= Lessee of Hyam v. Edwards =

Two decisions of the colonial Supreme Court of Pennsylvania

Lessee of Hyam v. Edwards, is the title of two separate decisions of the Supreme Court of Pennsylvania, issued when Pennsylvania was still a British colony. The first decision is found at 1 U.S. (1 Dall.) 1 (Pa. 1759) and is the first decision that appears in the first volume of United States Reports. The second decision is found at 1 U.S. (1 Dall.) 2 (Pa. 1759).

==Colonial court decisions in the United States Reports==

None of the decisions appearing in the first volume and few of the second volume of the United States Reports are actually decisions of the United States Supreme Court. Instead, they are decisions from various Pennsylvania courts, dating from the colonial period and the first decade after Independence. Alexander Dallas, a Philadelphia, Pennsylvania, lawyer and journalist, had been in the business of publishing and selling these cases for newspapers and periodicals. He subsequently began compiling and selling these cases in a bound volume, which he called "Reports of cases ruled and adjudged in the courts of Pennsylvania, before and since the Revolution". This would come to be known as the first volume of "Dallas Reports."

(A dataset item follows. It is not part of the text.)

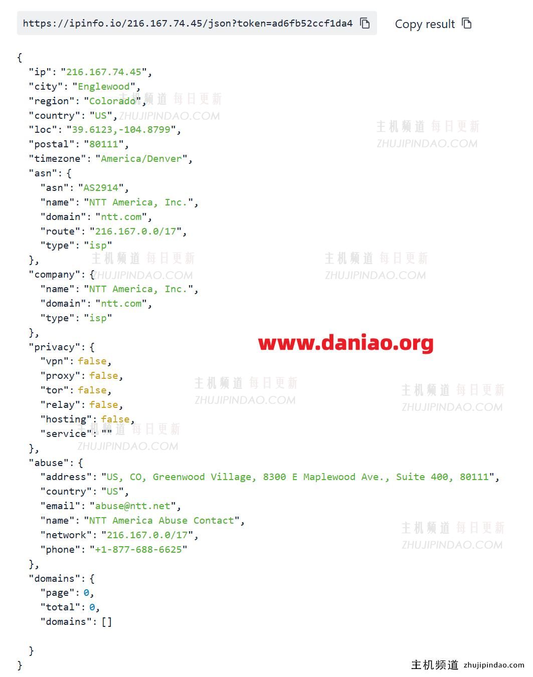 ipinfo的查询结果也证实了官方的说法,确实是双ISP属性,上游是NTT,完美。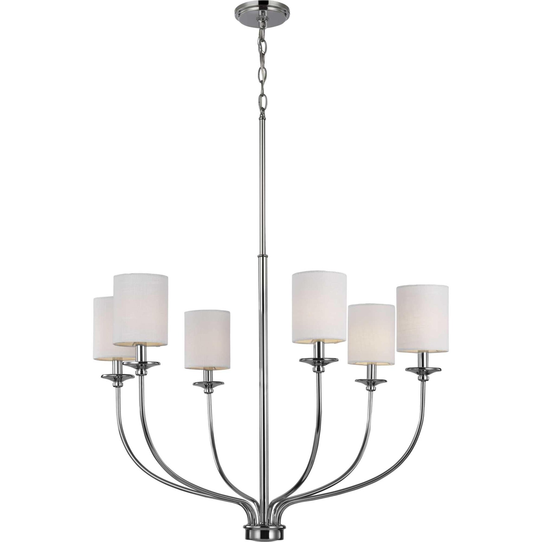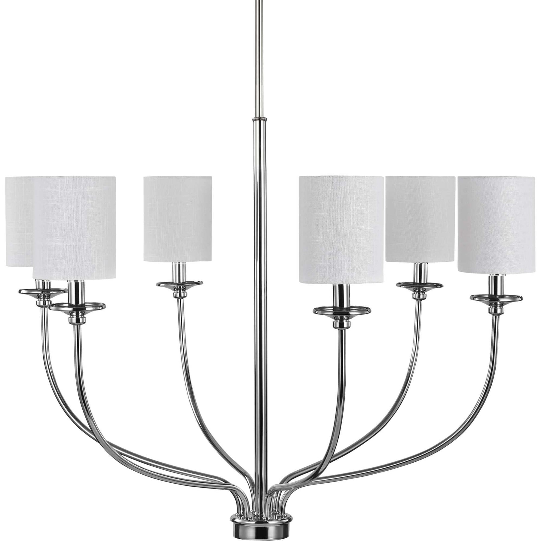 The Bonita 6-Light Traditional Chandelier by Progress Lighting elevates any room with its polished chrome finish and elegant design. Perfect for dining rooms, kitchens, or foyers, this chandelier enhances traditional and transitional spaces with its luxurious aesthetic. It features crisp white linen shades that beautifully diffuse light for a soft, ambient glow.

When the United States Supreme Court, along with the rest of the new Federal Government, moved in 1791 to the nation's temporary capital in Philadelphia, Dallas was appointed the Supreme Court's first unofficial and unpaid Supreme Court Reporter. (Court reporters in that age received no salary, but were allowed compensation in the form of profits from the publication and sale of compiled decisions.) Dallas continued to collect and publish Pennsylvania decisions in a second volume of his Reports, and when the Supreme Court began hearing cases he added those cases to his reports, starting towards the end of the second volume, "2 Dallas Reports". Dallas would go on to publish a total of 4 volumes of decisions during his tenure as Reporter.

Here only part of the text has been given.